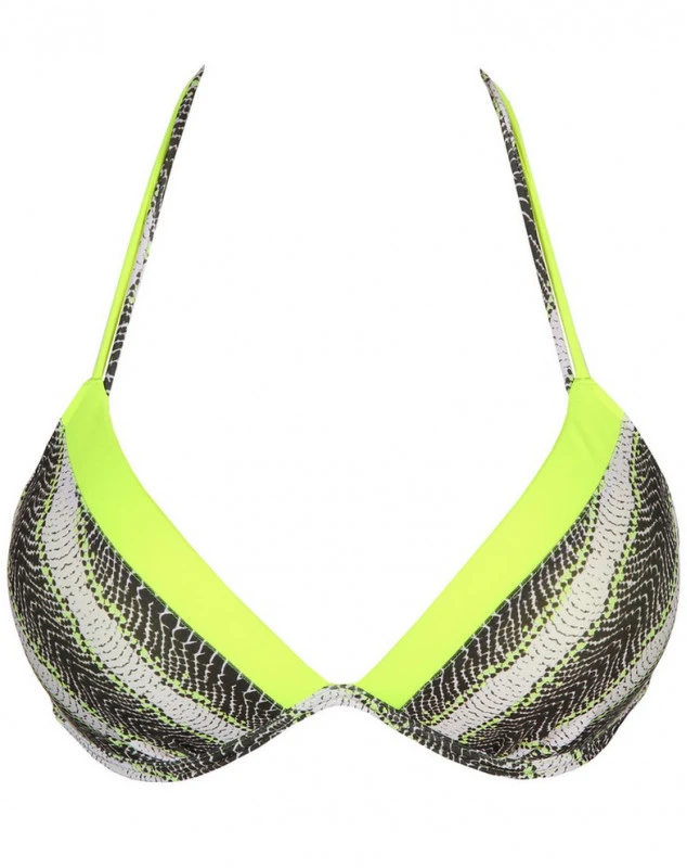 Ce bikini triangle surprend par son léger effet push-up. Le séduisant décolleté est encore accentué par un liseré jaune fluo. Les fines bretelles spaghetti se nouent autour du cou et le bikini a une fermeture dans le dos. Produit avec 37% de fils recyclés.
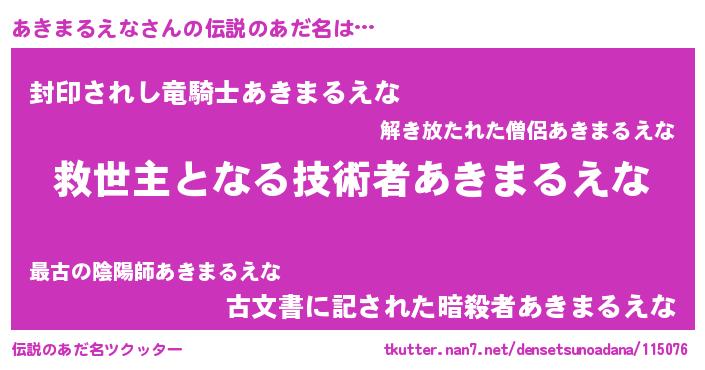 | 男性向けラノベタイトル風あだ名 | 『あきまるえなに滅ぼされるだけの簡単なお仕事です』 |
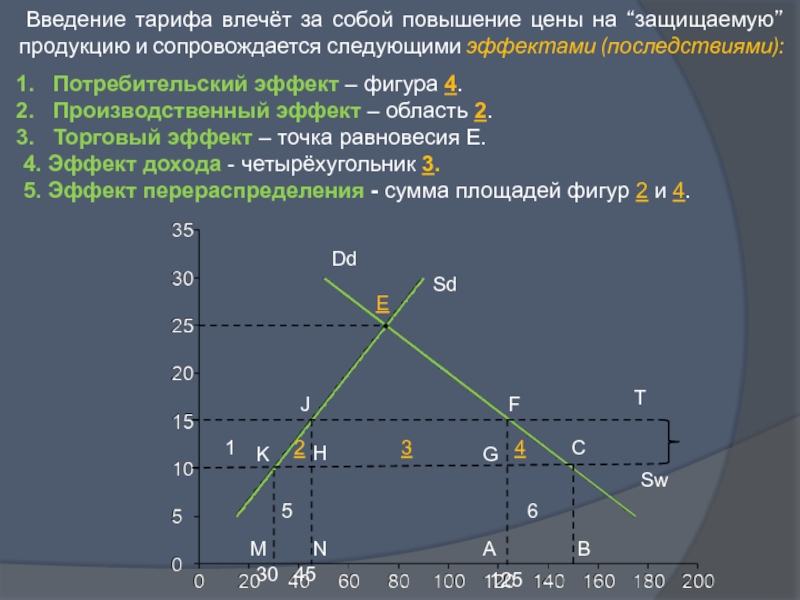 Разная сила ограничительного воздействия, которое тариф и квота оказывают на объем импорта в условиях изменения спроса или предложения товара.
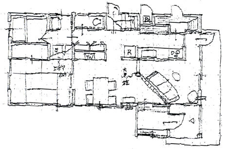 当初は内部に広くタタキスペースを設けて、だるまストーブを設置し、居間を吹き抜けにするプランニングをしましたが、暖房費を考慮した現実的なプランとなりました。 全部で10プランまでご提出しておりますが、ここでは途中の5プランまでご紹介します。
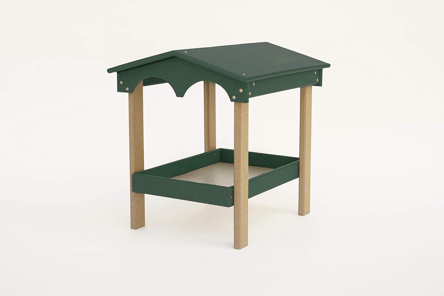 DutchCrafters Recycled Plastic Poly Large Covered Ground Fly Through Raised Platform Bird Feeder with Mesh Seed Tray – USA Amish Made (Turf Green & Weatherwood)(Turf Green & Weatherwood)
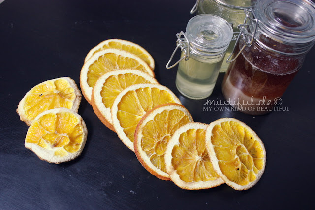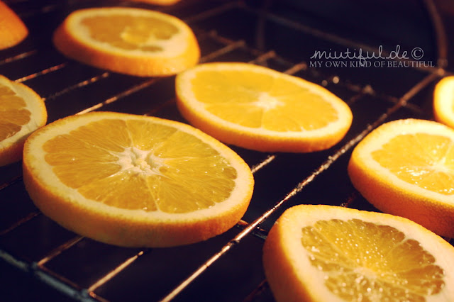 Die Idee mit getrockneten Orangenscheiben ist zwar nichts neues, aber ich finde sie passt einfach perfekt zu Weihnachten und selbstgemacht gefällt mir sowas immer besser ^-^♥
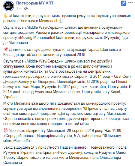 Само открытие скульптуры "Middle Way" состоится во время старта образовательно-художественной программы "Дни современного искусства в Николаеве" 20 августа, в 11:00. Мероприятие состоится в присутствии Чрезвычайного и Полномочного Посла Румынии в Украине господина Кристиана Леон Цуркану, консула Румынии в Одессе Тибериу Шарп и городского головы Александра Сенкевича.
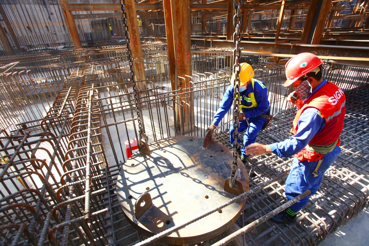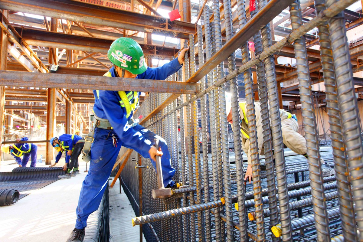 Sau khi khởi động xong, công nhân lập tức bắt tay vào công việc.

----------

Only one stretch of the listing is wanted: the lines starting at the one with "DutchCrafters Recycled Plastic" and ending at the one with "Die Idee mit", copied exactly and free of pictures.

 DutchCrafters Recycled Plastic Poly Large Covered Ground Fly Through Raised Platform Bird Feeder with Mesh Seed Tray – USA Amish Made (Turf Green & Weatherwood)(Turf Green & Weatherwood)
 Die Idee mit getrockneten Orangenscheiben ist zwar nichts neues, aber ich finde sie passt einfach perfekt zu Weihnachten und selbstgemacht gefällt mir sowas immer besser ^-^♥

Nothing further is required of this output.